The first solo exhibition of Jasmin Bilodeau, one of the members of the famous BGL triad, now dissociated, has been open to the public since Saturday, at Galerie 3, in Quebec. He exhibits alongside Laïla Mestari, a promising multidisciplinary artist who deals with her North African-Quebec family heritage.
“I’m feverish, like a student coming out of school,” said Jasmin Bilodeau at the opening of her exhibition. The artist was very happy to present certain works on which he had been working “for years”, but which his practice within BGL did not “allow him to develop, for lack of time”.
Formed in 1996 while the three artists (B, G and L) were studying at Laval University, the collective has become one of the most illustrious players in contemporary art in Canada, known for its grandiose installations, often critical of the consumer society.
With his new exhibition, titled Soft minimaldivided into three distinct corpuses, Jasmin Bilodeau notably takes up certain themes and materials previously associated with BGL, including wood, but in an eminently personal approach.
This is how he presents, in one of the rooms of the gallery, a set of paintings representing urban landscapes, exclusively made from small tree branches gleaned by the artist, then carefully repainted.
“We had started, with BGL, to conceptualize monumental works from branches, but I wanted to reclaim this approach to bring out the contrasts from my own observations of the cities represented”, maintains the artist.
The latter ostensibly evokes the opposition between the fragile and organic nature of branches and the industrial forms of urban landscapes, especially bridges and towers.
Soft and personal paintings
Although BGL is best known for its works of public art – sculptural – and its site-specific installations, such as the one presented at the 56e Venice Biennale, in 2015, Jasmin Bilodeau said “painting for several years”.
“Finally, I can present these paintings. I captured moments of pure happiness, where time stands still, while I was in communion with nature,” says the artist. He therefore also exhibits a series of paintings done in acrylic on raw canvas, all natural landscapes, in relatively small formats that evoke photos taken by a mobile phone.
The most interesting corpus of the entire exhibition remains the small sculptures, made from branches, alone, cast in bronze as is, then repainted.
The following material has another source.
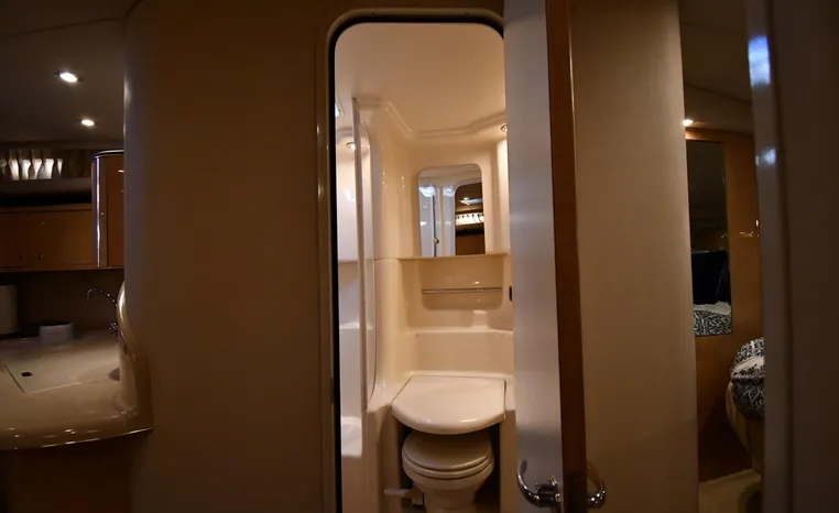 Freshwater / Great Lakes boat since new this vessel features Twin MerCruiser 8.1-litre 380-hp Gas Engines with 792 original hours. Notable features include but are not limited to the following: Air-Conditioning & Heat (2-Zones), Head (Vacuflush) w/Vanity/Sink/Stall Shower, Maple Interior Cabinetry, Central Vacuum, Westerbeke Generator (240-hrs.), Raytheon Electronics Package (VHF Marine Radio, Depth/Speed, Radar w/GPS/Chartplotter, Autopilot), NEW Custom Canvas Package (Forward & Aft Bimini's w/Forward & Side Isin-Glass & Camper-Top Aft), Cockpit Wet Bar w/Sink/Ice-Maker, Upgraded Fusion Sound System w/iPod/MP3-Connection & Full JL-Audio Speaker's w/Sub-Woofer's, Snap-in Snap-out Cockpit Carpeting, Windlass Anchor w/Forward Bow Controls, and MUCH more!

They appear there like ballerinas in motion, evoking all the intrinsic poetic potential of the elements of nature.
Multiple identity glued together
Also at Galerie 3, the artist Laïla Mestari unveils new works in drawings, photographs and textiles, at the end of a collaboration carried out within the framework of the Artroduction program, piloted by the gallery and intended for emerging artists.
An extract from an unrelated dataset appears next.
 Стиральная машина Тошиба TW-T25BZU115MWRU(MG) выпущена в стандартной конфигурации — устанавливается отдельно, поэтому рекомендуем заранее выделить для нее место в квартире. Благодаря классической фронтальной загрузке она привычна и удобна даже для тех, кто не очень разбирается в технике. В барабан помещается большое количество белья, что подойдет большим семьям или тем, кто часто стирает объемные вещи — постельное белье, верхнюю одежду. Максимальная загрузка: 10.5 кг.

Having grown up in a North African-Quebec family, the artist presents, among other things, magnificent pieces of textiles, such as collages of cultural references, recontextualized to evoke her multiple identity.
“I love representing the tension in my work, the tension between cultural origins, past and present, between materials,” says the artist. His works draw, among other things, from iconography and the Amazigh (Berber) archives of Morocco.